A significant focus of AI in reproductive medicine is on improving the prediction of IVF outcomes. AI algorithms, particularly machine learning models and artificial neural networks (ANNs), are used to analyse multiple factors involved in IVF, such as hormone levels, patient medical history, and embryo characteristics. These models help predict the likelihood of successful embryo implantation and clinical pregnancy. Studies like those by Liu R et al (2021) and Wang CW et al (2022) applied machine learning algorithms to large datasets to improve prediction accuracy for embryo transfer outcomes. One of the most impactful uses of AI in IVF is the enhancement of embryo selection processes. Traditionally, embryologists assess embryo quality based on morphology and manual observations, which can introduce subjectivity. AI systems, particularly deep learning models, are now being trained to evaluate embryos more objectively and consistently by analysing features such as morphology, developmental patterns, and time-lapse imaging. AI can predict which embryos have the highest chance of implantation, thereby optimizing embryo selection and increasing the likelihood of a successful pregnancy. For example, AI models like those used in studies by Bori L et al (2020) and Celine Blank et al (2018) rank embryos based on viability and ploidy, providing a more reliable framework for choosing the best embryo. Another growing trend is the use of machine learning algorithms to predict the overall success of IVF cycles. These predictive models analyze vast amounts of data, including patient history, hormone levels, ovarian reserve, embryo development data, and clinical conditions, to estimate the likelihood of successful outcomes such as embryo implantation, clinical pregnancy, and live birth. AI can evaluate multiple variables simultaneously and provide personalized risk assessments for individual patients. This data-driven approach helps clinicians adjust protocols to increase the chances of success in each cycle. For instance, Liu R et al (2021) applied machine learning algorithms to predict the outcome of embryo transfer, taking into account a range of factors related to patient physiology and previous cycle data.

The integration of AI with time-lapse imaging is revolutionizing how embryologists monitor embryo development. Time-lapse incubators capture images of embryos at regular intervals, and AI algorithms analyse the developmental milestones and kinetic behaviour of the embryo throughout its growth. This approach helps identify the optimal time for transfer and detects subtle patterns in embryo development that may indicate higher implantation potential. AI-driven time-lapse systems reduce the need for manual assessments, improving precision while minimizing the disturbance of embryos during the monitoring process.
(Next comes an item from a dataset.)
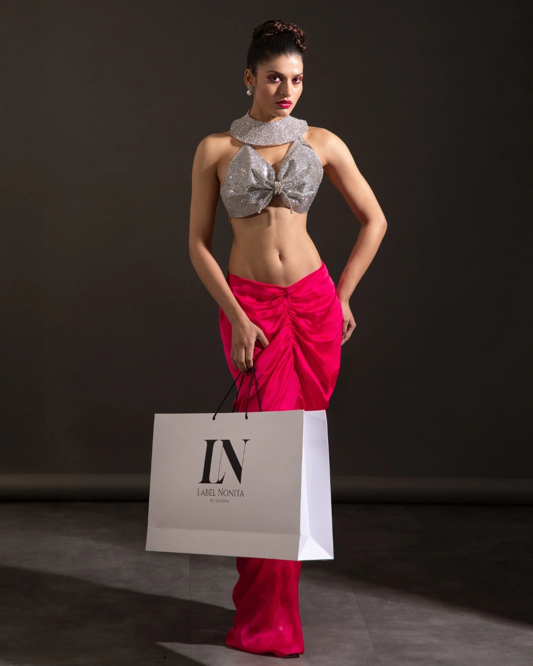 The silver crystal-embellished halter butterfly blouse features a sculpted neckline and intricate shimmer detailing. Paired with a pink fuchsia silk skirt, artfully draped to enhance movement and form, the look balances fluid sensuality with structured sophistication. Crafted for fashion-forward evenings, editorial moments, and international style statements where impact is everything.

AI is also being used to optimize the timing of oocyte retrieval in IVF. Traditionally, clinicians decide on the best time for egg retrieval based on hormone levels and ultrasound imaging. AI can refine this process by predicting the exact timing for egg retrieval that maximizes the number of mature, high-quality eggs, reducing the chances of premature ovulation or suboptimal collection. Studies like those by Wang CW et al (2022) have shown that AI can improve the precision of such critical decisions, enhancing overall IVF success. A promising trend in AI-driven IVF is the development of non-invasive methods to assess embryo viability. Traditional methods like preimplantation genetic testing (PGT) involve biopsies that could potentially harm the embryo. AI models, however, can predict an embryo’s viability using non-invasive data sources such as time-lapse images or culture media metabolites, eliminating the need for invasive testing. This trend is making IVF safer and less stressful for both the embryos and the patients. AI is not only helping in embryo selection but also in assessing the quality of eggs and sperm. Machine learning algorithms can evaluate egg quality based on factors like ovarian reserve and oocyte morphology. Similarly, AI-driven sperm analysis can evaluate sperm motility, morphology, and DNA fragmentation to ensure only the best quality sperm are used in the IVF process. This contributes to higher fertilization rates and better overall outcomes in IVF treatments.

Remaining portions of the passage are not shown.